Abortion clinics inspected, cited more frequently


EXCLUSIVE INVESTIGATION

This is an exclusive investigation you will only read about in the Journal-News. This newspaper requested hundreds of state documents from the Ohio Department of Health and analyzed those records to bring you this story.

Abortion clinic citations by gubernatorial administration

Republican Gov. Bob Taft (2004 to 2007): 71

Democratic Gov. Ted Strickland (2007 to 2011): 6

Republican Gov. John Kasich (2011 to 2014): 101

Ohio health department officials have more frequently inspected and cited the state’s 11 remaining abortion clinics under Republican Gov. John Kasich than any other governor in the last decade.

Pro-life advocates say the governor is simply following the state’s health facility inspections laws diligently compared to his predecessors, in order to ensure women are getting safer services at abortion clinics. Meanwhile, pro-choice proponents worry the administration might be playing political football at the expense of the facilities.

With the state shedding three abortion clinics last year, three more clinics at risk for closure and Ohio’s lawmakers passing more aggressive regulations for abortion clinics, this newspaper requested copies of inspection reports from 2004 to present from the state health department.

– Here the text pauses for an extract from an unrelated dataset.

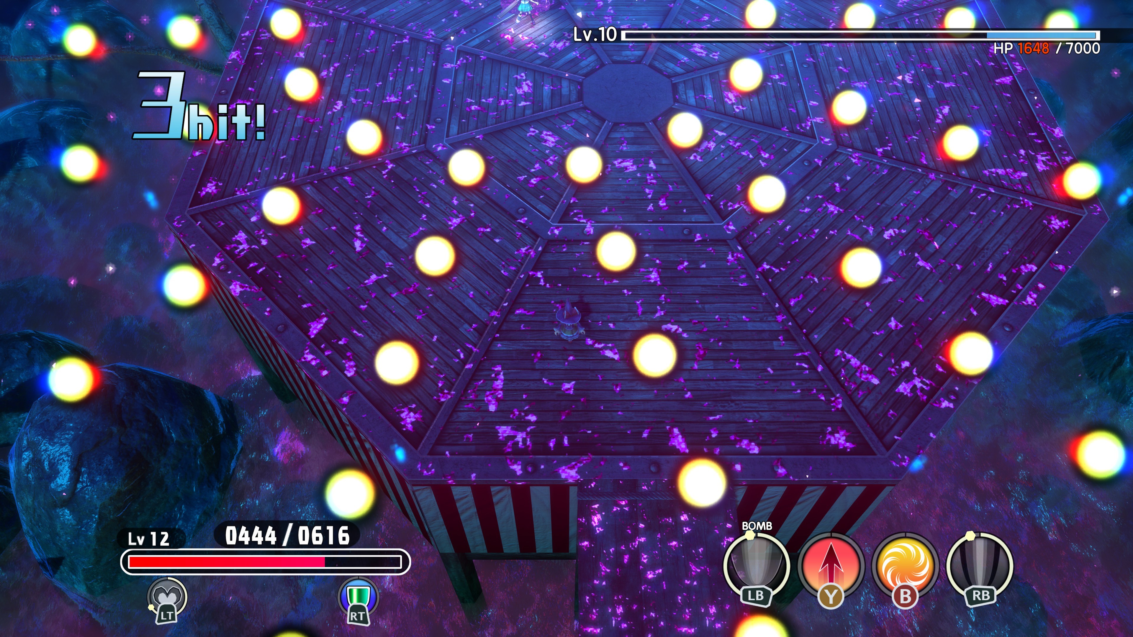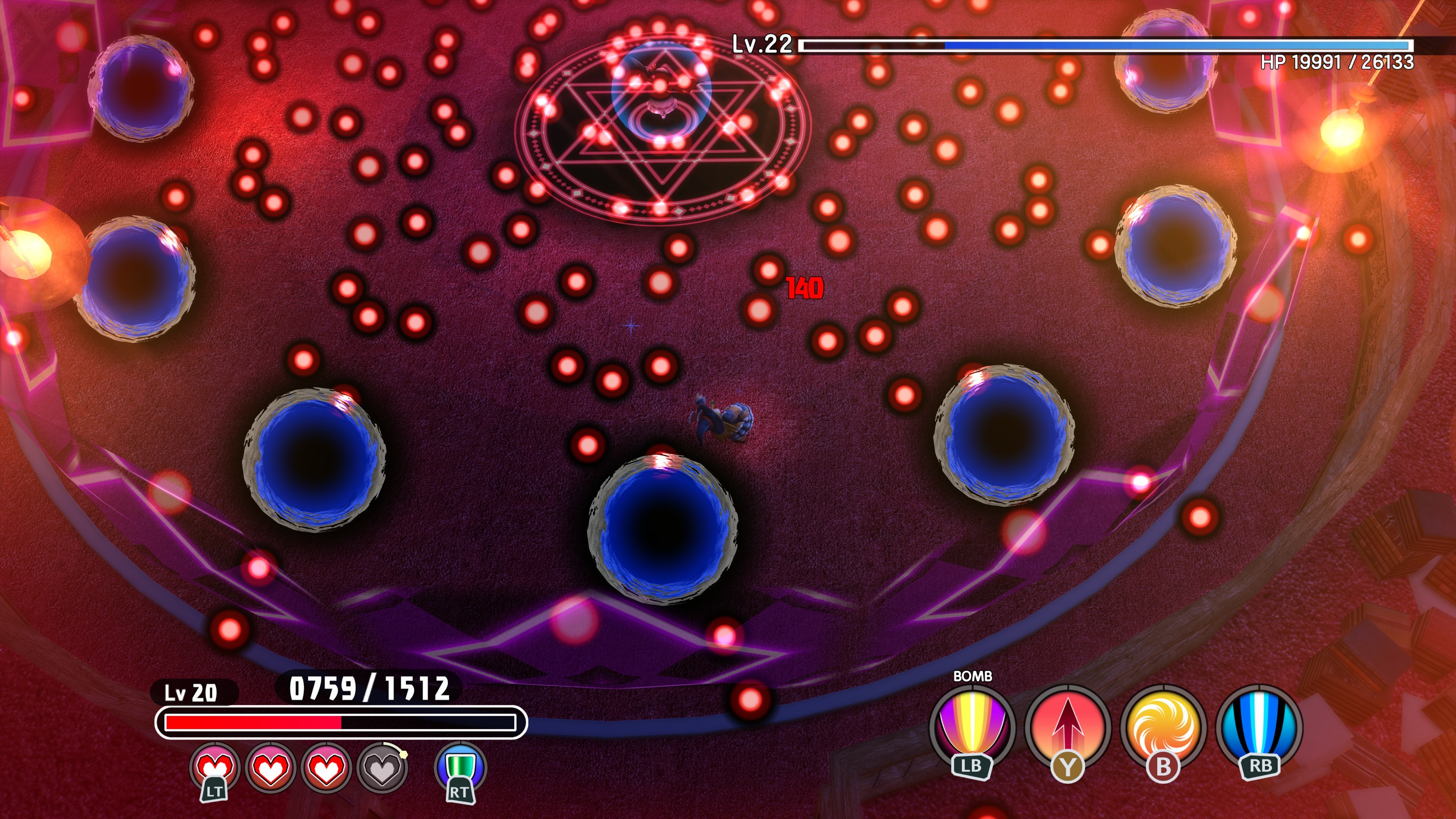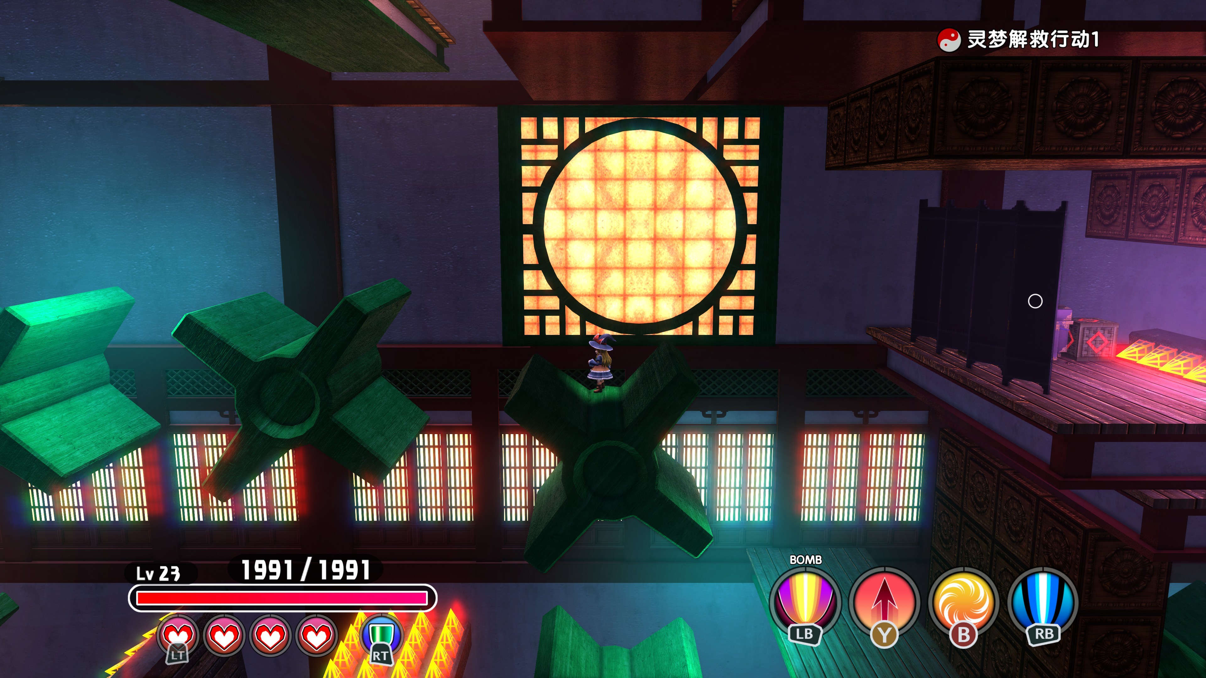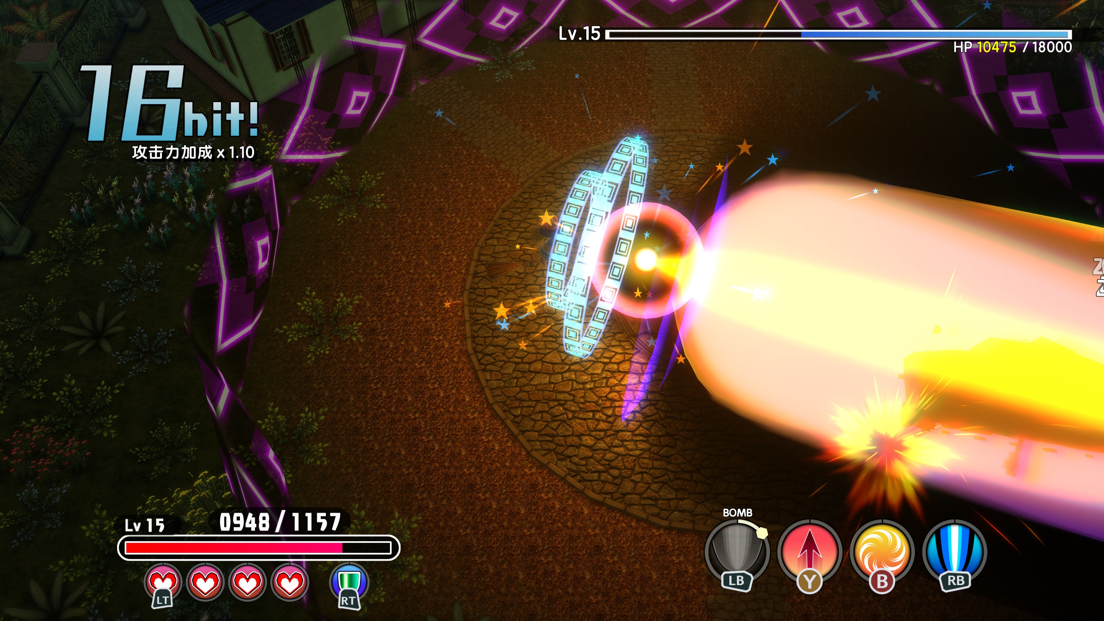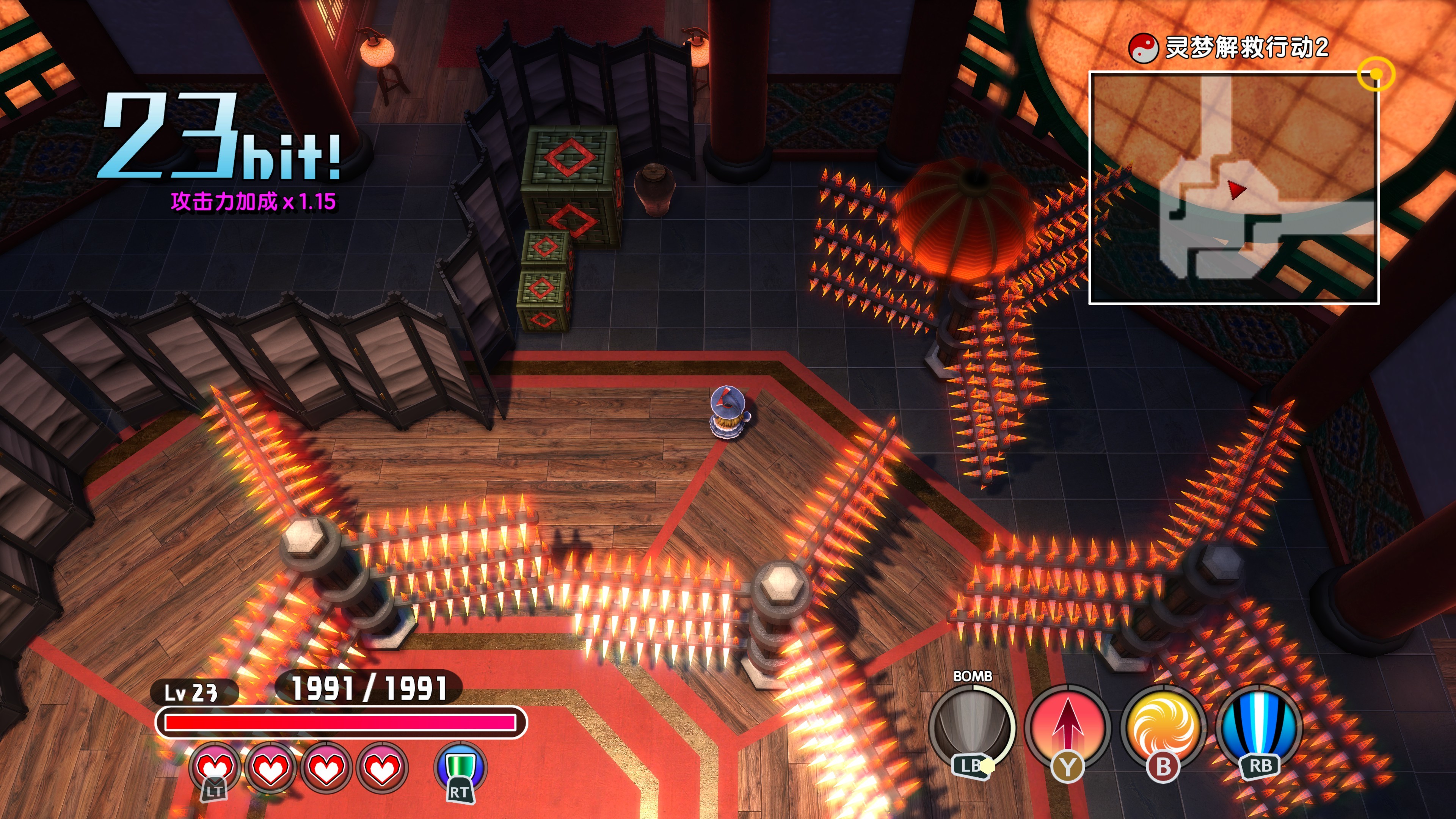 在战斗上敌人也有着东方特色的大量弹幕攻击,BOSS的必杀技也是许多弹幕,此时我们除了格挡弹幕,还可以按跳跃键进行躲避,只要跳跃时机恰当,那么加上格挡可以实现BOSS无伤,当然我们还可以利用大招的无敌来防止敌人大量的弹幕攻击。

More than 25,000 abortions were performed at one of Ohio’s facilities in 2012, including two operating within the Greater Cincinnati region and one in the Dayton area. More frequent state inspections at these clinics could turn up issues that might impact the health and safety of thousands of women seeking termination surgeries every year.

Not doing their job?

Inspections and citations of the abortion clinics could be up in recent years because previous governors failed to order the inspections on the abortion clinics, specifically, Mike Gonidakis, the president of Ohio Right to Life, said.

“It boggles my mind to think that two grown men, who were elected by the citizens of Ohio, would purposely choose not to do their job,” Gonidakis said of Kasich’s predecessors, Democratic Gov. Ted Strickland and Republican Bob Taft. “For some reason, for far too long, (abortion clinics) weren’t being inspected until the Kasich administration came into office.”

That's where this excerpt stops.